Less-than-lifetime approaches and continued evaluation of the AI-value impact of (de)activating features remains very welcome, but don’t explain the removal of the AI from the list. It is indeed an advantage that lidocaine metabolism is very well described.
The mutagenicity of 2,6-xylidine has been significantly derisked in A weight of evidence assessment of the genotoxicity of 2,6-xylidine based on new and existing data.

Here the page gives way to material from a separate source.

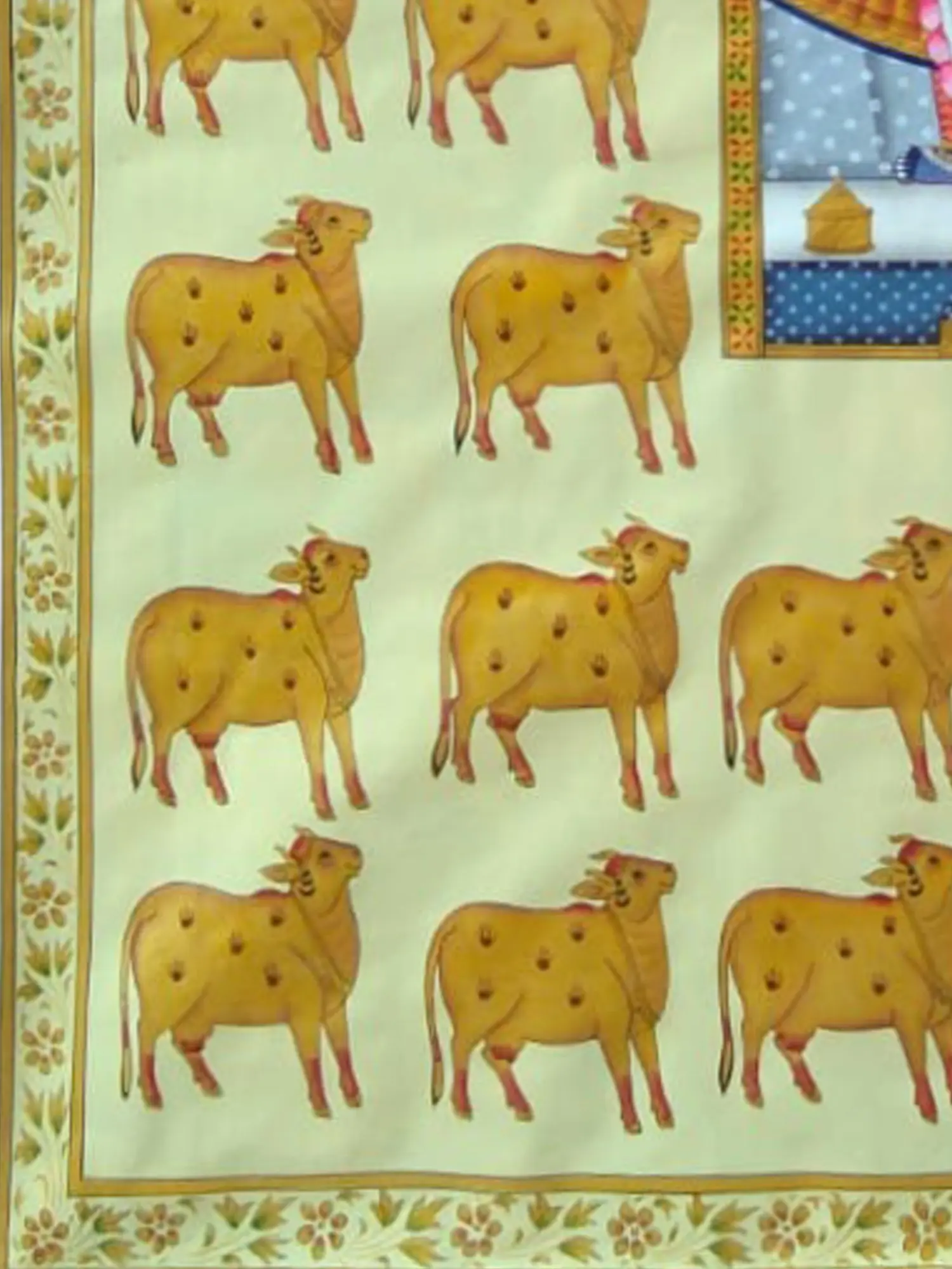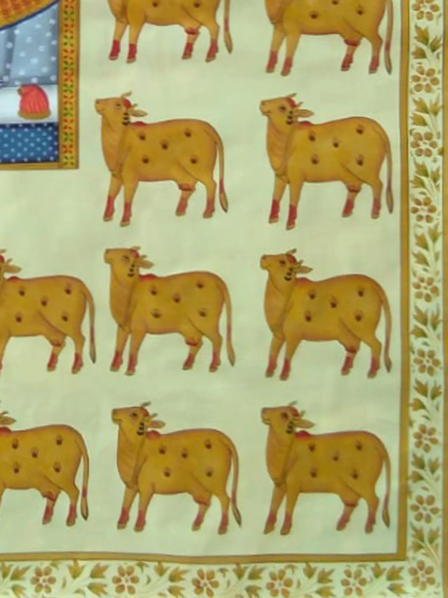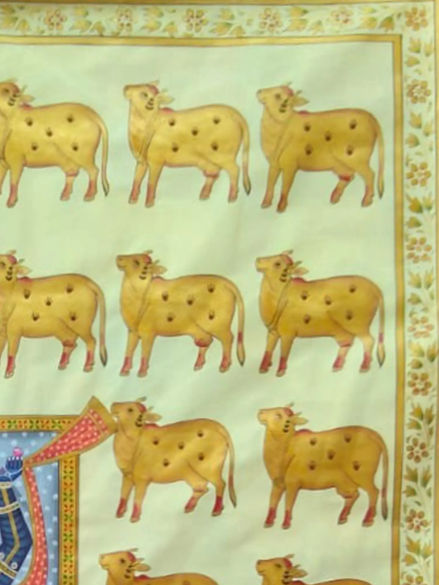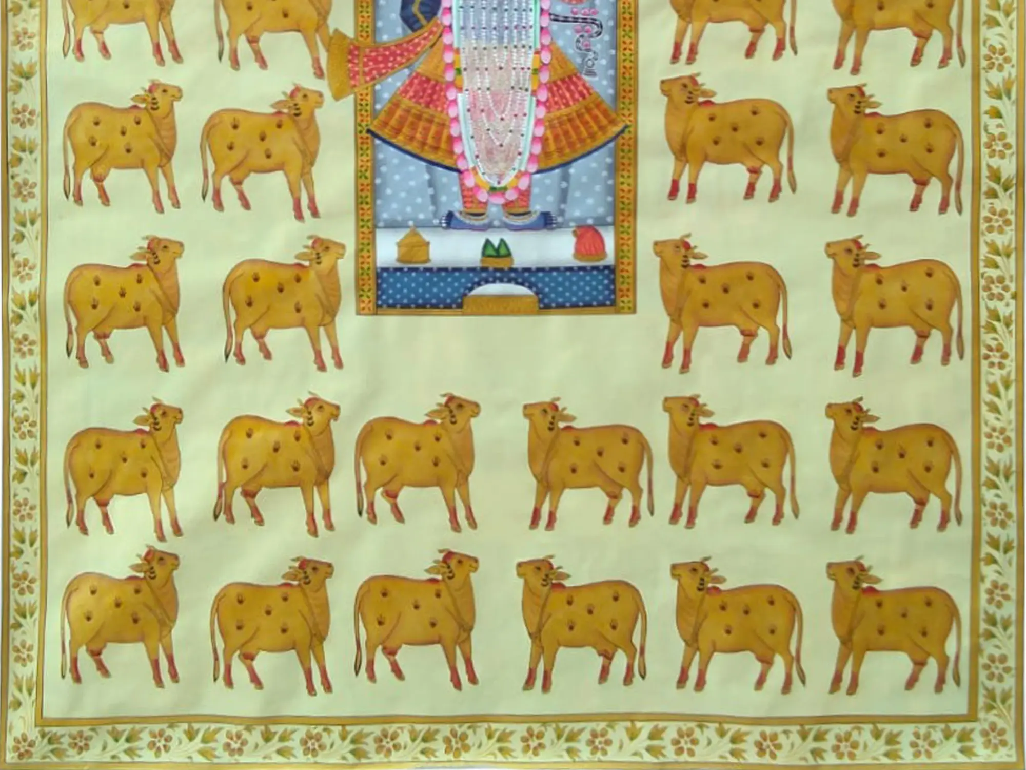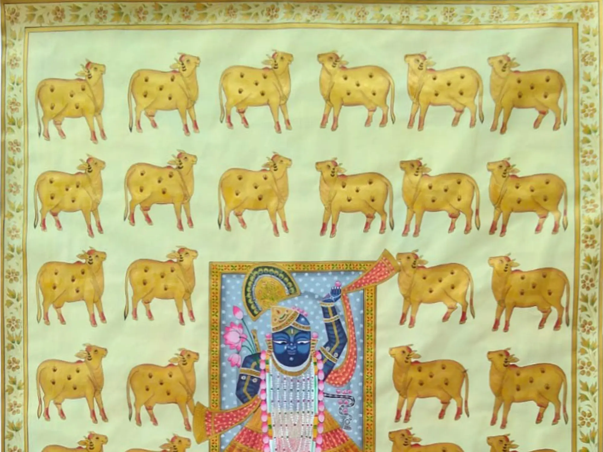 The central figure, depicted in rich blues and adorned in opulent traditional attire, radiates a gentle aura. Surrounding him, a procession of golden cows, each with subtle dot patterns, exemplifies the sacred relationship between the divine and nature. The surrounding border, adorned with delicate floral motifs, frames the artwork with an elegance that complements its devotional subject. The large scale of this masterpiece, standing 48 inches tall and 36 inches wide, ensures its commanding presence.

Metabolisation of lidocaine does not only involve 2,6-xylidine as a metabolite, but also monoethylglycinexylidide = desethyl-lidocaine, which is also a Ph. Eur. impurity (impurity D). Considering the high diversity in lidocaine products, from anesthetics for hospital use to a high diversity of OTC galenic forms, and desethyl-lidocaine being an known and intrinsically nitrosatable impurity, I do not find it improbable a product might exist that requires setting an acceptable intake (daily lifetime as point of departure of LTL AI design), as reflected in the limit list of EMA, HC and TGA, even if it is very likely that for many products this is not a likely nitrosamine as well. Recent stoichiometric studies show that nitrosation conversion and selectivity (C-nitration on aromatic ring vs. N-nitrosation, cf. structure of desethyl-lidocaine: C-nitration risk para of the amino-group of the 2,6-xylidine) might significantly differ liquid phase vs. solid phase. Though these studies are stoichiometric and under stirring/mechanical impact (possibly influencing extrapolability), general improbability of a synthesisable nitrosamine cannot be concluded when a high diversity of products exists. Many nitrosamines in the international limit lists cannot be formed selectively in stoichiometric liquid phase experiments but this does not per definition mean improbability of the impurity.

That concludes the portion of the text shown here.